To reason effectively and quickly in a Big Data context, a lazy computation with an optimized implementation is needed. To this end, as part of the CEDAR Project, we have developed a new reasoning system we called CEDAR taxonomic reasoner. Unlike OWL reasoners whose methods of reasoning are based on variations of formula-expansion approaches (Tableaux algorithms), the CEDAR reasoner is based on an original reasoning approach which is summarized in the following items:
Using OSF as a description language formalism which is operationally lazy (i.e., it does not do anything that is not needed). Knowledge is modeled as graphs. So, we apply techniques taking advantage of that specific structure to model knowledge and perform reasoning thereon.
High classification performance: We have developed our own classification algorithm for computing the reflexive-transitive closure of a conceptual taxonomy.
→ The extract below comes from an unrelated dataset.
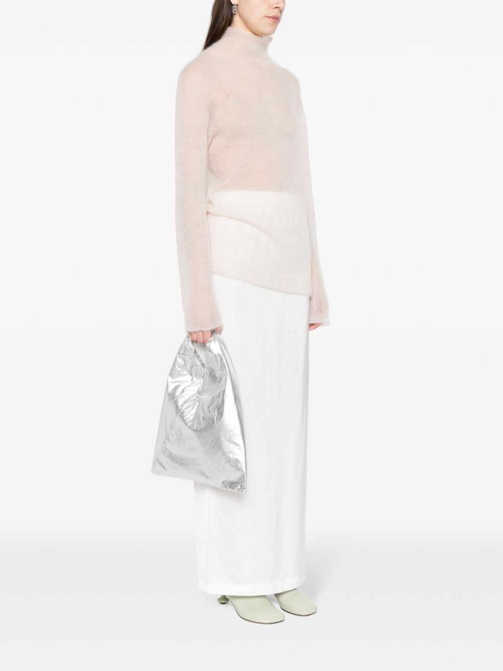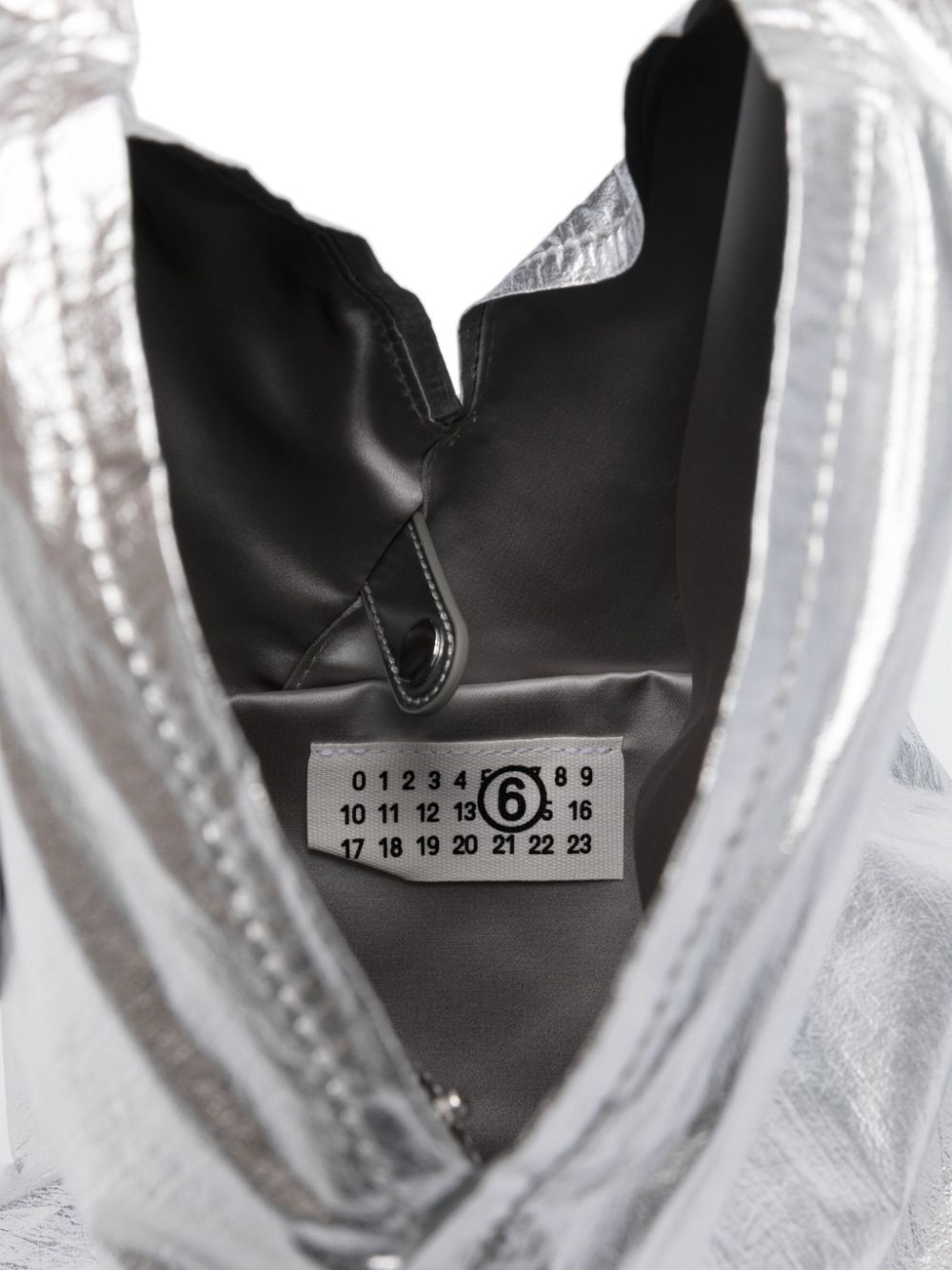 silver-tone crinkled finish metallic effect signature numbers motif to the handle internal press-stud fastening single rolled top handle main compartment full lining This piece comes complete with a protective dust bag.

Binary encoding: This technique consists in representing the elements of a taxonomy (an arbitrary poset) as bit vectors. Thus, each element has a code (a bit vector) carrying a 1 in the position corresponding to the index of any other elements that it subsumes. In this manner, the three Boolean operations (and, or and not) on sorts are readily and efficiently performed as their corresponding operations on bit-vectors. This method makes Boolean querying very efficient.
The figures below show the performance of the CEDAR taxonomic reasoner vs. several OWL reasoners. The comparison is made for classification and query answering performance. The obtained results show a comparable performance for classification and several orders-of-magnitude faster performance for query answering for the CEDAR system.